Data Model

The data model of Spiral Tables is dictionary-like structures of columnar arrays, sorted and unique by a set of primary key columns. Tables are sorted and unique by a primary key. The data model enables:

Efficient sparse columns.
Columns arranged in a nested dictionary-like structure.
Support for large values and cell-level pushdown filtering.
Support for appending columns without rewriting the entire table.

Key Schema

When a table is created, a key schema is defined that represents the primary key and sort order of the table. This schema is fixed and cannot be changed after the table is created.

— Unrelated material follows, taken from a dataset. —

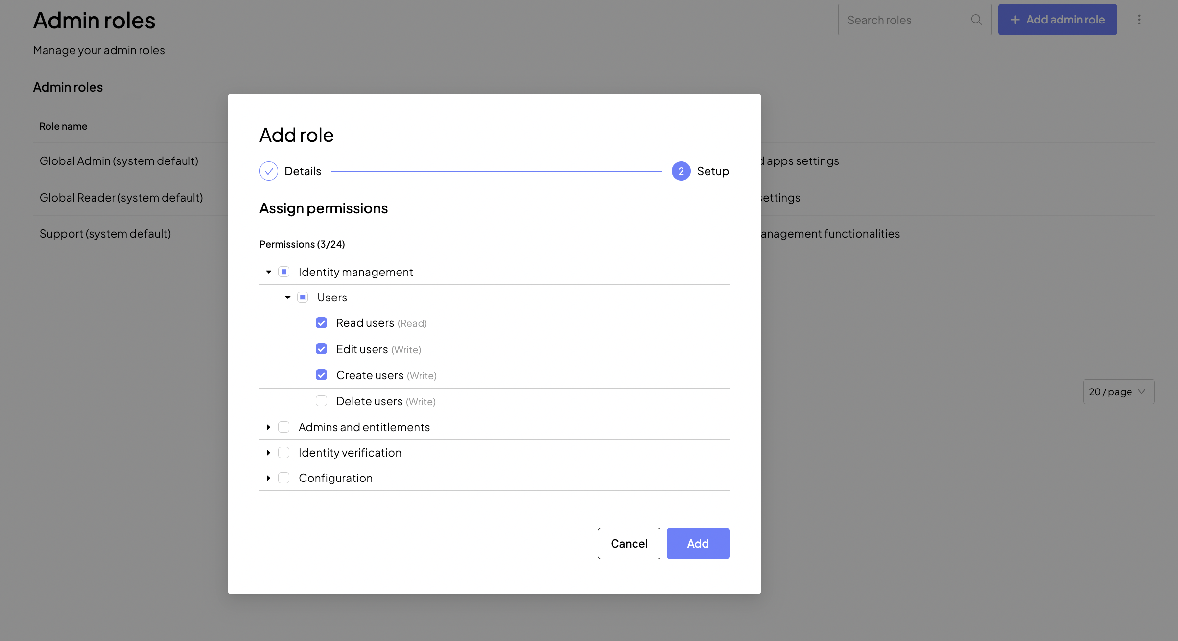 To create a custom role, select + Add admin role, and provide its name and description. Then, define permissions for this role. This permission tree is structured based on the organization of services within the Admin Portal and each service exposes specific permissions. For instance, for the Identity Management service, you will find four permissions under the Users subsection: read users, edit users, create users, and delete users. Assign permissions to the new role by checking the boxes next to them.

The key schema can be any number of columns of the following types:

(u)int{8,16,32,64}
float{16,32,64}
timestamp
bytes (up to 1KB)
string (up to 1KB)

Column Groups

The columns of a table are arranged in a nested dictionary-like structure. We refer to this as the schema tree. Column groups can be thought of as horizontal partitions of the table. Tables provide complete isolation between column groups, scanning only the column groups needed for a query.

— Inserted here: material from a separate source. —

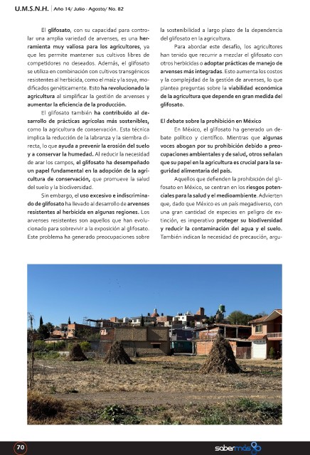 como la agricultura de conservación. Esta técnica En México, el glifosato ha generado un de-
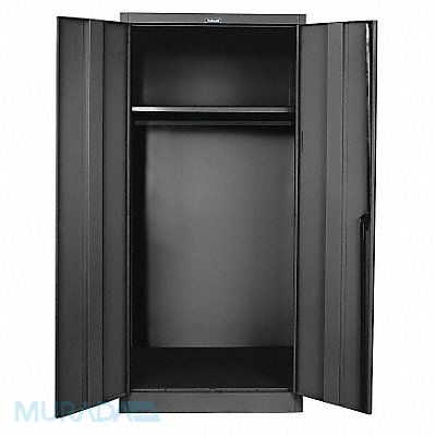 K3925 Storage Cabinet Base Type Frame Body Panel Type Solid Cabinet Color Black Cabinet Material Steel Cabinet Storage Components Hanging Rods Shelves Door Handle Type Swing Door Type Solid Duty Rating Medium Duty For Use Indoors/Outdoors No Frame Assembled Assembled Load Capacity per Shelf 250 lb Lock Type Keyed Mobility Stationary Mounting Location Freestanding Number of Shelves 1 Overall Depth 18 in Overall Height 78 in Overall Width 48 in Audit Trail Storage None

For example, the GitHub Archive dataset has a key schema that looks like this:


import pyarrow as pa
 
key_schema = [('created_at', pa.timestamp('us')), ('id', pa.int64())]

And a schema tree of:


schema_tree = {
    'name': pa.string(),
    'public': pa.bool_(),
    'payload': pa.string(),
    'repo': {
        'id': pa.int64(),
        'name': pa.string(),
        'url': pa.string()
    },
    'actor': {
        'id': pa.int64(),
        'login': pa.string(),
        'gravatar_id': pa.string(),
        'url': pa.string(),
        'avatar_url': pa.string()
    },
    'org': {
        'id': pa.int64(),
        'login': pa.string(),
        'gravatar_id': pa.string(),
        'url': pa.string(),
        'avatar_url': pa.string()
    }
}

A column group refers to a set of sibling leaf columns in the schema tree. For example, in the schema tree above, there is a root (“) column group containing the name, public, and payload columns; as well as repo, actor and org column groups.

Storage Model

Each column group is stored as a log-structured merge (LSM) tree in object storage. This is a data structure that consists of sorted runs of data.

The key columns are split out and stored in key files, while the value columns are stored in fragment files. Background maintenance jobs periodically compact the LSM tree to merge overlapping sorted runs of value columns to improve read performance.

See Table Format for a more detailed specification of the storage model.